After the raging success of last year's inaugural tour, a very select group of tasters (well, me and the old man to be honest  ) are again heading to the big smoke on Saturday to do some serious tasting of hopefully the best on offer.

Probably start with an LCPA on tap at the Australian, along with whatever other interesting beers they currently have, and then move on to other options including the Lowenbrau cafe, Malt Shovel cafe on King St wharf, maybe th Belgian Beer Cafe and if desperate after their dud effort last year, the Lord Nelson. I'd really hoped to include the new Redoak cafe but they are apparently closed until the 10th :angry: 

Any other suggestions fellas? How hard is it to get to Paddy's Brewery by train/public transport, and are any of Gerard's brews on tap to make it worthwhile? Am I missing anywhere obvious?
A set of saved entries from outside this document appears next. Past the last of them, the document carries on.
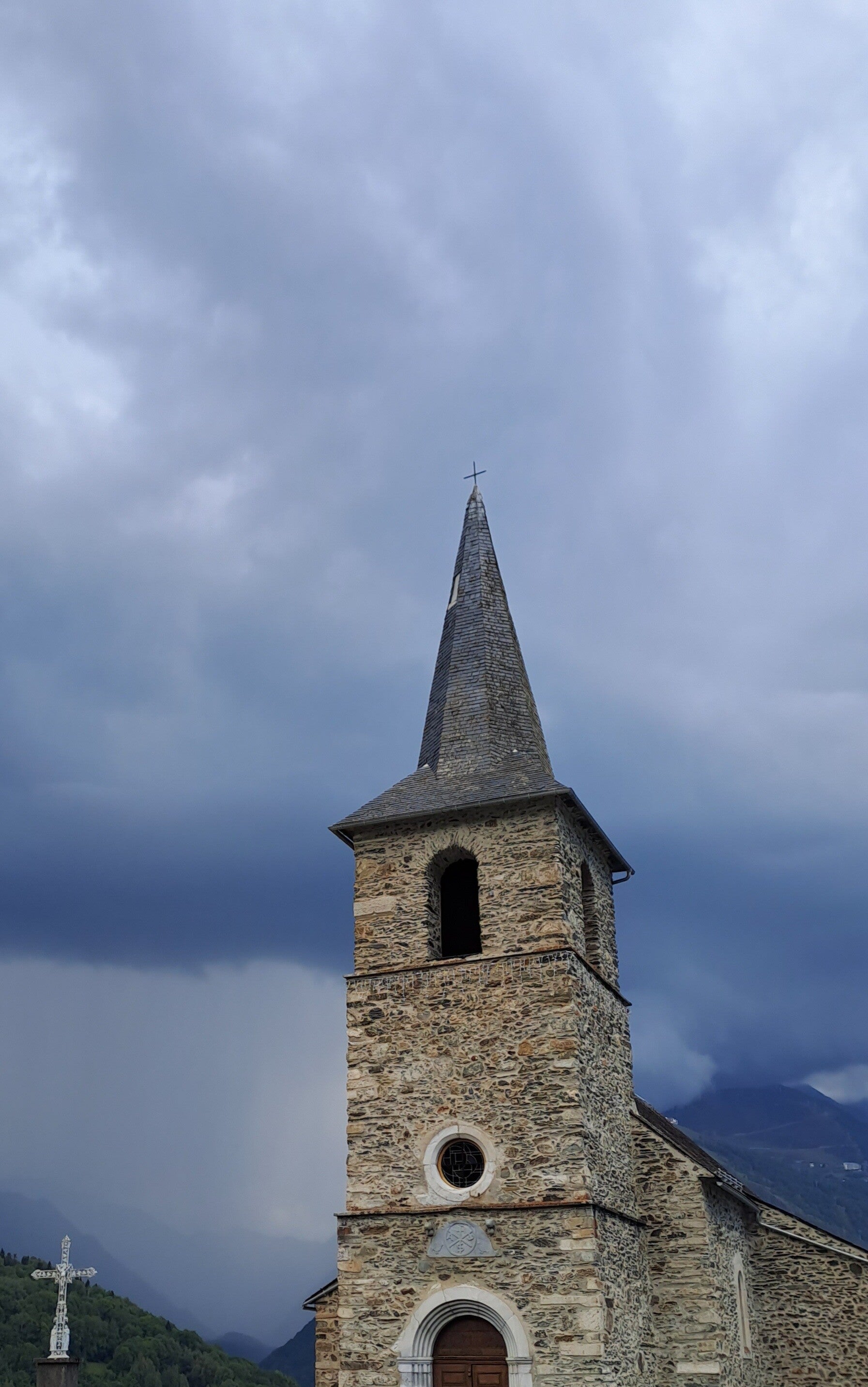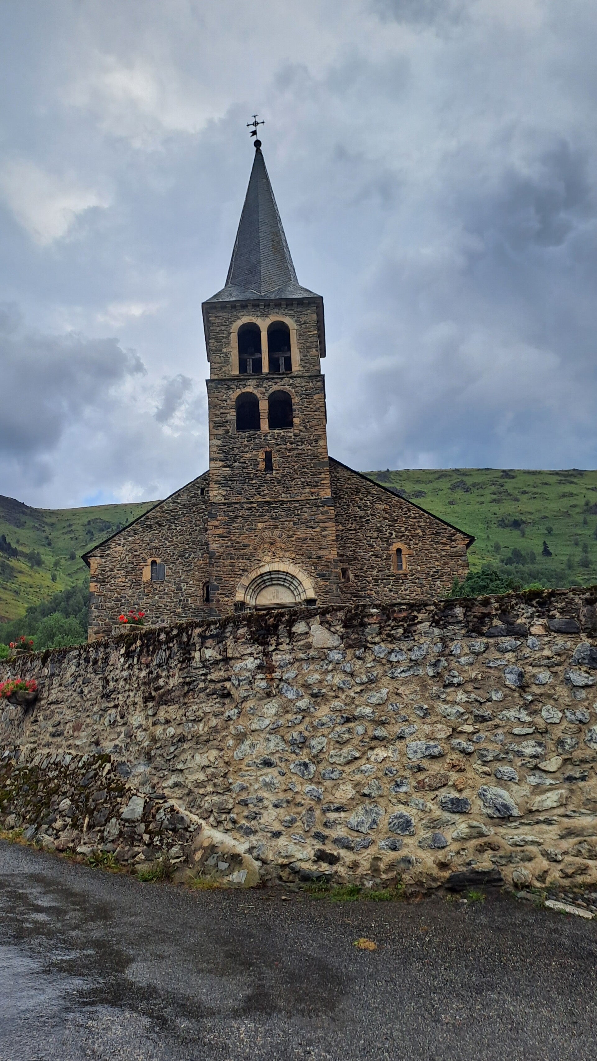 After my soaking the next village on the upward journey to Col d'Azet was Azet itself! Another attractive village, even after it's drenching!
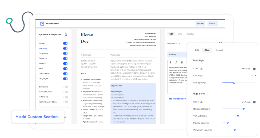 Our online resume builder empowers you to create a polished, recruiter-approved resume—quickly and effortlessly. Whether you're starting fresh or optimizing an existing one, our intuitive editor and professional templates help you showcase your skills with impact.
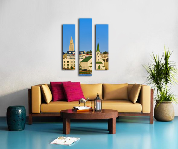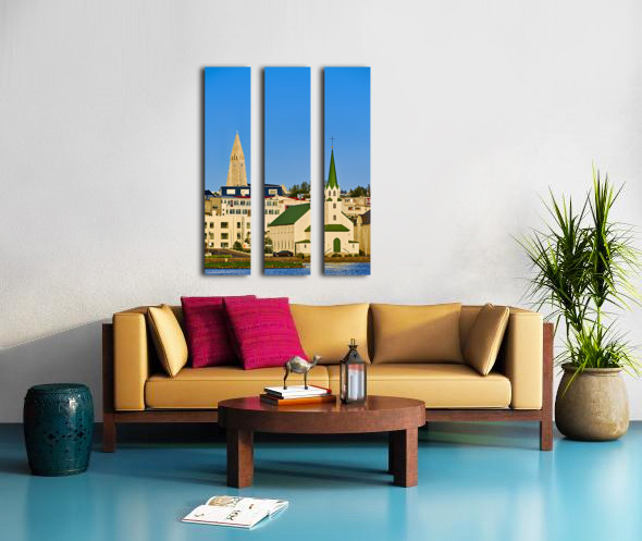Lutheran free church by lake Tjornin and Halgrimskirkja Frame print
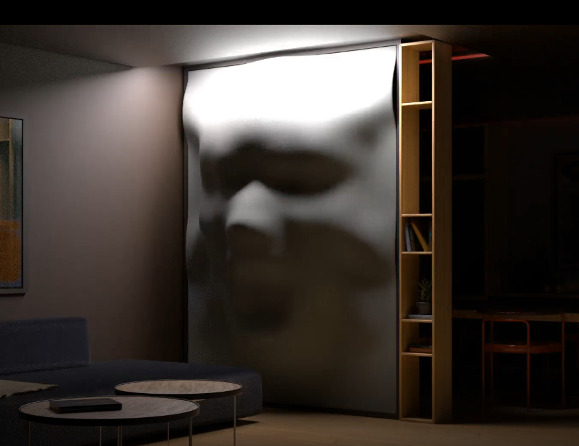 The application of the strategy is the design of a smart product called “Gelo”. Gelo is a ‘smart wall’ concept that uses soft robotic actuators to transform its surface to adapt to changing light conditions, improve room acoustics, and produce dynamic visual displays.

All help gratefully appreciated. Will report in full.

Shawn.


----------



## Doc (6/1/05)

Sounds like a great day Gough.
My only addition in the area you are in would be Harts pub in between the Lowenbrau and the Malt Shovel for the St Arnou brews.
Just head down Harrington Street when leaving the Lowenbrau (parrallel with George) and when you see the Bushells tea building/Giovannis Pizza restaurant (Grovenor Place), turn right and look up the street to see Harts.

Have a great day.

Beers,
Doc


----------



## Gough (6/1/05)

Thanks for that Doc, will definitely add it to the itinerary.

Shawn.


----------



## Gerard_M (7/1/05)

Gough
To get to Paddy's just get off the train at Flemington and walk through the markets.
On tap this weekend we should have Choc Porter,Amber,Brewers Delight,Black Ale, & Ceylonese Pale Ale.
If you are wandering around Darling Harbour drop into the Pumphouse for the Thunderbolt & St Peters Blonde.
Cheers
Gerard


----------



## Gough (7/1/05)

Thanks Gerard. 

I don't know the markets at all, so I'm assuming there is only one way 'through the markets' when we get off the train at Flemington? I'm sure we'll work it out. Looking forward to the beers - the tap list sounds excellent!

Shawn.


----------